Stress Echo in Asymptomatic Patients After Revascularization 'Not Worth It'

Marlene Busko

June 26, 2012

May 14, 2012 (Cleveland, Ohio) — A large observational study suggests that routine, periodic stress echocardiography testing in asymptomatic patients who have undergone PCI or CABG is costly and "probably not worth the effort," experts say.

Exercise capacity and clinical-test findings rather than echo findings were better predictors of mortality [1]. Repeat revascularization, even in the high-risk patients, did not lead to better mortality outcomes.

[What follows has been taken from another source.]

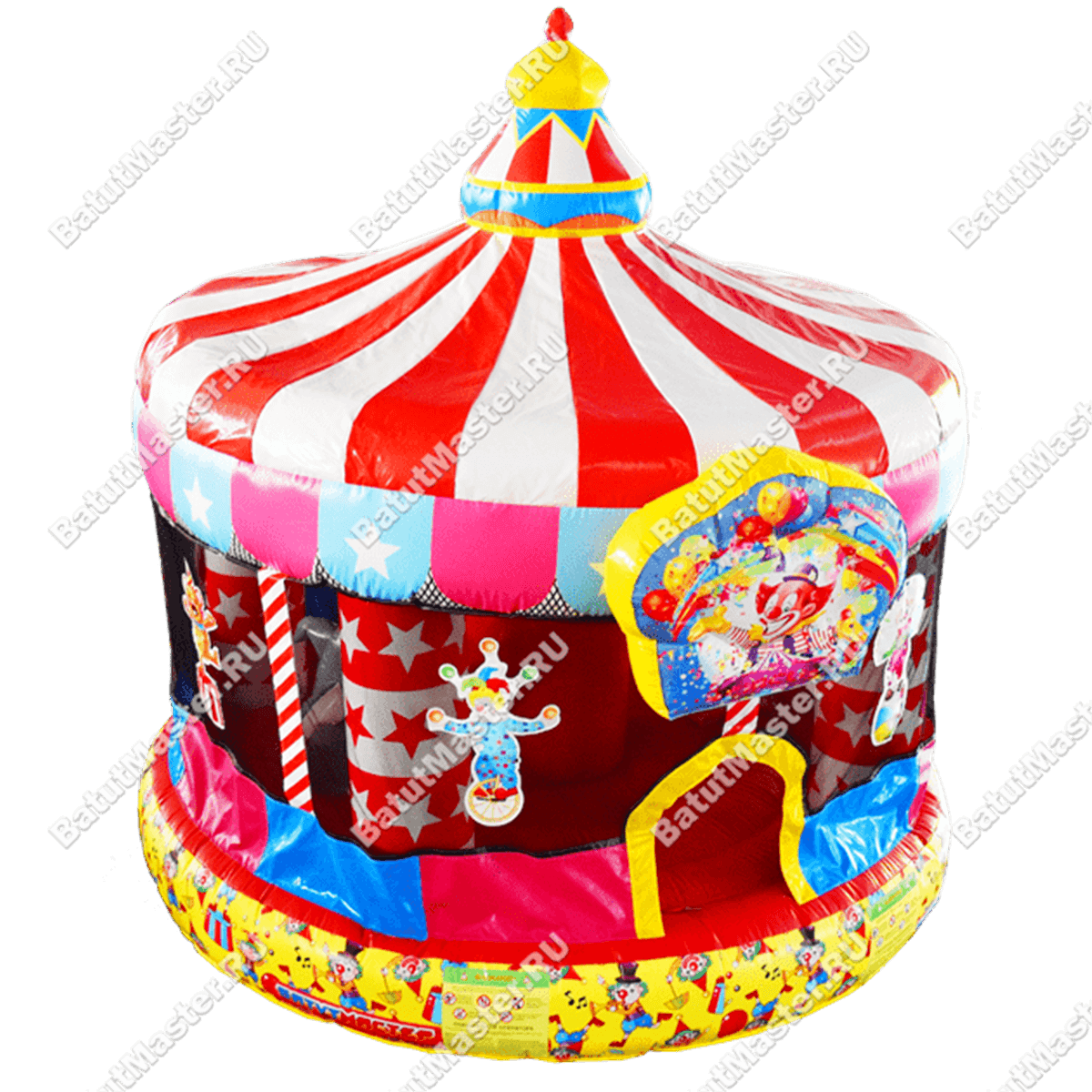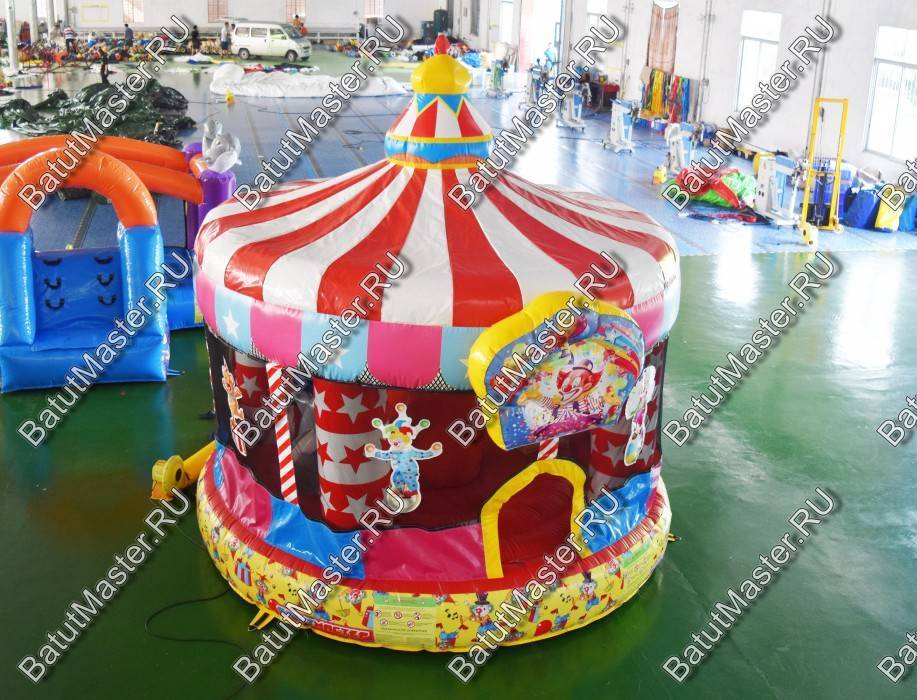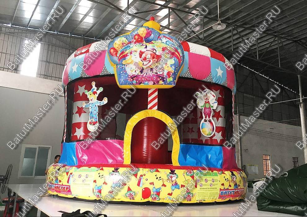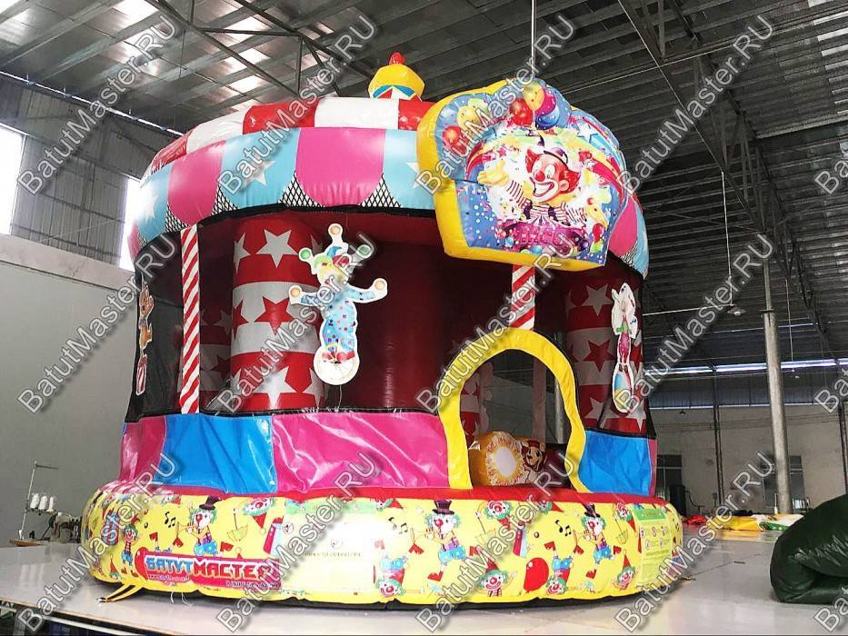 Если сравнить детские развлечения по уровню уникальности, то батуты и цирк занимают одни из самых первых мест в рейтинге популярности. Сложно представить, какой восторг вызовет аттракцион из ПВХ в виде надувного батута и цирка шапито одновременно. Представленный батут для бизнеса выполнен как раз в таком дизайне. При этом его расцветка полностью совпадает со стилем конструкции – красно-белые сектора и яркая башня на самом верху с добавлением синего и желтого. В аттракционе многие элементы украшены тематическими изображениями, то есть нижняя желтая лента вся в клоунах, сетка украшена изображениями различных цирковых персонажей и над входом в виде арки – популярное представление клоуна с конфетти, шарами и звездами.

"The specific scenario relates to asymptomatic patients who have had a stent or CABG and they or their doctor say(s), 'I wonder if that CAD is coming back; maybe we should do a test to identify it before it becomes a problem,' " Dr Serge Harb (Cleveland Clinic Heart and Vascular Institute, OH) explained to heartwire . "In this setting, exercise capacity and stress echo are predictors of outcome, but we find that outcome seems uninfluenced by repeat revascularization. . . . The clinical implications are that this activity is a waste of time," he added.

The study is published online May 14, 2012 in the Archives of Internal Medicine as part of the "Less is More" series.

Does Exercise Testing Improve Outcomes?

"The [guideline] criteria claim that testing asymptomatic patients more than two years after PCI and more than five years after CABG are appropriate," Harb noted. "This is based on prognostic data, but nobody has 'closed the loop' to see whether the [testing] changes outcomes."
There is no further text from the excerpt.